Tag Archives: Learning By Demonstration

Mixing human advice and reward functions for improving reinforcement learning of motor skills in robots with a nice related work on interactive RL

Carlos Celemin, Guilherme Maeda, Javier Ruiz-del-Solar, Jan Peters, Jens Kober, Reinforcement learning of motor skills using Policy Search and human corrective advice, The International Journal of Robotics Research, Vol 38, Issue 14, 2019, DOI: 10.1177/0278364919871998.

Robot learning problems are limited by physical constraints, which make learning successful policies for complex motor skills on real systems unfeasible. Some reinforcement learning methods, like Policy Search, offer stable convergence toward locally optimal solutions, whereas interactive machine learning or learning-from-demonstration methods allow fast transfer of human knowledge to the agents. However, most methods require expert demonstrations. In this work, we propose the use of human corrective advice in the actions domain for learning motor trajectories. Additionally, we combine this human feedback with reward functions in a Policy Search learning scheme. The use of both sources of information speeds up the learning process, since the intuitive knowledge of the human teacher can be easily transferred to the agent, while the Policy Search method with the cost/reward function take over for supervising the process and reducing the influence of occasional wrong human corrections.
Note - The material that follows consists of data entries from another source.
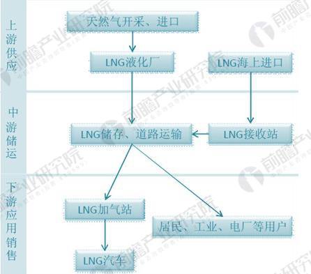 LNG 產業(yè)鏈是一條貫穿天然氣產業(yè)全過程的資金龐大,技術密集的完整鏈系。由陸地或海上油田開采的天然氣在液化工廠經過預處理后進行液化,生產的 LNG 按照貿易合同,通過船運或槽車運輸到 LNG 接收站儲存,再氣化,經由管網送到用戶。具體來看,整個 LNG 產業(yè)鏈主要包括上、中、下游三個環(huán)節(jié)。
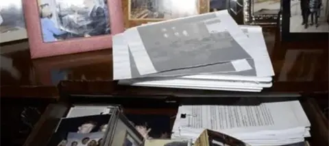 En estos había imágenes de pinturas que representaban mujeres desnudas y una que mostraba una serie de fotografías a lo largo de un aparador, en una de ellas aparecía Trump junto a Epstein, Melania Trump y Ghislaine Maxwell, colaboradora del magnate.
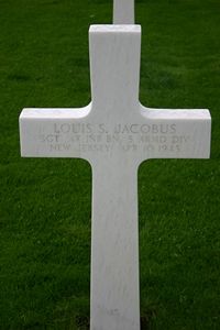 Louis S. Jacobus attended Rockaway High School where he played football, after which he was employed by the Dover Tank and Stack Co. He also worked for Dover Boiler Plate and Fabricators.He enlisted on 24 April 1943 at Newark in New Jersey and trained at Camp Campbell, Kentucky. He was overseas for about a year at the time of his death.

This interactive approach has been validated for learning movement primitives with simulated arms with several degrees of freedom in reaching via-point movements, and also using real robots in such tasks as “writing characters” and the ball-in-a-cup game. Compared with standard reinforcement learning without human advice, the results show that the proposed method not only converges to higher rewards when learning movement primitives, but also that the learning is sped up by a factor of 4–40 times, depending on the task.
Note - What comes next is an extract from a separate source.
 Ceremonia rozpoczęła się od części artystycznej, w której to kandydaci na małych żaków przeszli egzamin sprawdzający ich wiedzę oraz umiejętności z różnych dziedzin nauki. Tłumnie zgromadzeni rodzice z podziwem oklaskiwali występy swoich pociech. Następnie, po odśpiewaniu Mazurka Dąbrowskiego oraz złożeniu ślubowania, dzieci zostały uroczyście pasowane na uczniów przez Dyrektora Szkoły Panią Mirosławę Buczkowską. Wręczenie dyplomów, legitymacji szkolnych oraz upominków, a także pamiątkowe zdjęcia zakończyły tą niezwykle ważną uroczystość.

Learning from demonstration through inverse reinforcement learning enhaced with neural network for generalizing demonstrations and improve visiting of states

Chen Xia, Abdelkader El Kamel, Neural inverse reinforcement learning in autonomous navigation, Robotics and Autonomous Systems, Volume 84, 2016, Pages 1-14, ISSN 0921-8890, DOI: 10.1016/j.robot.2016.06.003.
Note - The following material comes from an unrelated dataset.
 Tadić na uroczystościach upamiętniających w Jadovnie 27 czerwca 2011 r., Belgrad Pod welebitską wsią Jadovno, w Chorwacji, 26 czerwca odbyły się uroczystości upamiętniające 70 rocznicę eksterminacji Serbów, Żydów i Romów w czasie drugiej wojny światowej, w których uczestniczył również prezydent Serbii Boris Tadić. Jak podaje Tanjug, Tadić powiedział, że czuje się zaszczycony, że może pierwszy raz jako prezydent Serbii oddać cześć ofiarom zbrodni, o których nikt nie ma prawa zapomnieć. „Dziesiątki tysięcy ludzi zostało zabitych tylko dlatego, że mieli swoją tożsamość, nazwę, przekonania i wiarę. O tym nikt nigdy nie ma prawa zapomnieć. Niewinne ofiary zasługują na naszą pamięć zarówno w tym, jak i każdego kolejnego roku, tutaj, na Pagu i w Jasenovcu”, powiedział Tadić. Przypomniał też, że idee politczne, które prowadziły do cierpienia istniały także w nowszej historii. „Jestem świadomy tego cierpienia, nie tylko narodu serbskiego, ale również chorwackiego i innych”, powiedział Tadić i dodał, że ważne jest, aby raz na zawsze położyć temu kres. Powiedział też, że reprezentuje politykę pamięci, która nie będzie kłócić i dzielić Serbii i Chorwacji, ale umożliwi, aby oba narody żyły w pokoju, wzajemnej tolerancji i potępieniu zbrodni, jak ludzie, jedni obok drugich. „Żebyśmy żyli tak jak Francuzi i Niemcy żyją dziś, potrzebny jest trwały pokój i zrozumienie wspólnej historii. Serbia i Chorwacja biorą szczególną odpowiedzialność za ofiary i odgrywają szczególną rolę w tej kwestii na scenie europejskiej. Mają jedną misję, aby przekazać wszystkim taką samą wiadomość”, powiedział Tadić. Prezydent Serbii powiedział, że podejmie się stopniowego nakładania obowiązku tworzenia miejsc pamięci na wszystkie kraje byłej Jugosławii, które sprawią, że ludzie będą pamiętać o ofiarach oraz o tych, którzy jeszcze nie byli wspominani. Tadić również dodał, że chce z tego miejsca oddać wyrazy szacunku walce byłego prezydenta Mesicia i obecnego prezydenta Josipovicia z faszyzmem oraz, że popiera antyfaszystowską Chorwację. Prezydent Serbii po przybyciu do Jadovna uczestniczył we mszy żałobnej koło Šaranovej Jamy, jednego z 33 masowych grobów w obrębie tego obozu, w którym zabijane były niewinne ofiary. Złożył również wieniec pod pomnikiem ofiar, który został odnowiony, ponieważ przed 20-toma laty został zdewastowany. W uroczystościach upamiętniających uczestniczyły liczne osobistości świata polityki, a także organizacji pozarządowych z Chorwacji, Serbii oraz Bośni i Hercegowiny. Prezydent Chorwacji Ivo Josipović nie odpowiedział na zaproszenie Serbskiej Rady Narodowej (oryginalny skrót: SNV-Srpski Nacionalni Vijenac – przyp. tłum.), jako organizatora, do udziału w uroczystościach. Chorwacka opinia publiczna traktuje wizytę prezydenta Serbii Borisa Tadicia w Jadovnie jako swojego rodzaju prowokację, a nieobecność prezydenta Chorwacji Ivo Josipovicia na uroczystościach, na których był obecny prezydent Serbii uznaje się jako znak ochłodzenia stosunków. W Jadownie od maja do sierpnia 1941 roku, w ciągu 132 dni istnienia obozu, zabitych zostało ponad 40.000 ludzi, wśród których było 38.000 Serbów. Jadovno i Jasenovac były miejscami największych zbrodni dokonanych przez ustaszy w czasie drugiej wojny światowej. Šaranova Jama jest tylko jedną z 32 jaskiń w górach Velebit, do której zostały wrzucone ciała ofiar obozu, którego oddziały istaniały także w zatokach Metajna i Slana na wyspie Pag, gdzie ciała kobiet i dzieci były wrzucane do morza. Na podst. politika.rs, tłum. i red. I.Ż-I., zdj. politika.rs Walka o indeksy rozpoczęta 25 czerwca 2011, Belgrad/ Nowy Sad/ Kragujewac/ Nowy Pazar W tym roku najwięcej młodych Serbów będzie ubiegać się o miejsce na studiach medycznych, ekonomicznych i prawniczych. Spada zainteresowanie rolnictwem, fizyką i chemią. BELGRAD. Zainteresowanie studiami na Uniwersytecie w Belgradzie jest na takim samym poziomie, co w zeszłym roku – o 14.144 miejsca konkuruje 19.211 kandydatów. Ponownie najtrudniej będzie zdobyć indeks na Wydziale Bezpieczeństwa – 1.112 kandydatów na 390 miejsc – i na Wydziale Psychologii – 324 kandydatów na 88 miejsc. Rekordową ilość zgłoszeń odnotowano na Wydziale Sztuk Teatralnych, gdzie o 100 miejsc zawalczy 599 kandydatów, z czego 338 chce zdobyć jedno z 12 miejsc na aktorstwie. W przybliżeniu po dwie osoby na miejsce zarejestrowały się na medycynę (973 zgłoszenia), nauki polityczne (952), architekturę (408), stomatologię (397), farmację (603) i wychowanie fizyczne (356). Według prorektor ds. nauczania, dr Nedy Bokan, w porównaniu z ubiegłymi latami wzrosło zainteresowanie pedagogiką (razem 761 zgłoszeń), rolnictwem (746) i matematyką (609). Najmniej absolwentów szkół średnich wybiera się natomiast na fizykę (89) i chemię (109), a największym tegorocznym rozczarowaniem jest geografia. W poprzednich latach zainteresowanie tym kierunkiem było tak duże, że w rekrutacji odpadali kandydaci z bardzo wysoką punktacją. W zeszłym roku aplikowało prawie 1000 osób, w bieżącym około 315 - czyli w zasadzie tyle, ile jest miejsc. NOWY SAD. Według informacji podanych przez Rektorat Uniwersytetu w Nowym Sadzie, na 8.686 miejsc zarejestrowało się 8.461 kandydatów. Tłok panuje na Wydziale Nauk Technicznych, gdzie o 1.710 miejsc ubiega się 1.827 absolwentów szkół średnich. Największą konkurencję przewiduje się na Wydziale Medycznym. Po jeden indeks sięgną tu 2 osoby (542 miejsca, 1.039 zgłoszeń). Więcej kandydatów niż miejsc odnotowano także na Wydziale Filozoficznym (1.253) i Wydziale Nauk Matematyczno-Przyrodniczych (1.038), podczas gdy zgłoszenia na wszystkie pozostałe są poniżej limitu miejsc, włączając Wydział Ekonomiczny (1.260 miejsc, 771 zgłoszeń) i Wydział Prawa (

Designing intelligent and robust autonomous navigation systems remains a great challenge in mobile robotics. Inverse reinforcement learning (IRL) offers an efficient learning technique from expert demonstrations to teach robots how to perform specific tasks without manually specifying the reward function. Most of existing IRL algorithms assume the expert policy to be optimal and deterministic, and are applied to experiments with relatively small-size state spaces. However, in autonomous navigation tasks, the state spaces are frequently large and demonstrations can hardly visit all the states. Meanwhile the expert policy may be non-optimal and stochastic. In this paper, we focus on IRL with large-scale and high-dimensional state spaces by introducing the neural network to generalize the expert’s behaviors to unvisited regions of the state space and an explicit policy representation is easily expressed by neural network, even for the stochastic expert policy. An efficient and convenient algorithm, Neural Inverse Reinforcement Learning (NIRL), is proposed. Experimental results on simulated autonomous navigation tasks show that a mobile robot using our approach can successfully navigate to the target position without colliding with unpredicted obstacles, largely reduce the learning time, and has a good generalization performance on undemonstrated states. Hence prove the robot intelligence of autonomous navigation transplanted from limited demonstrations to completely unknown tasks.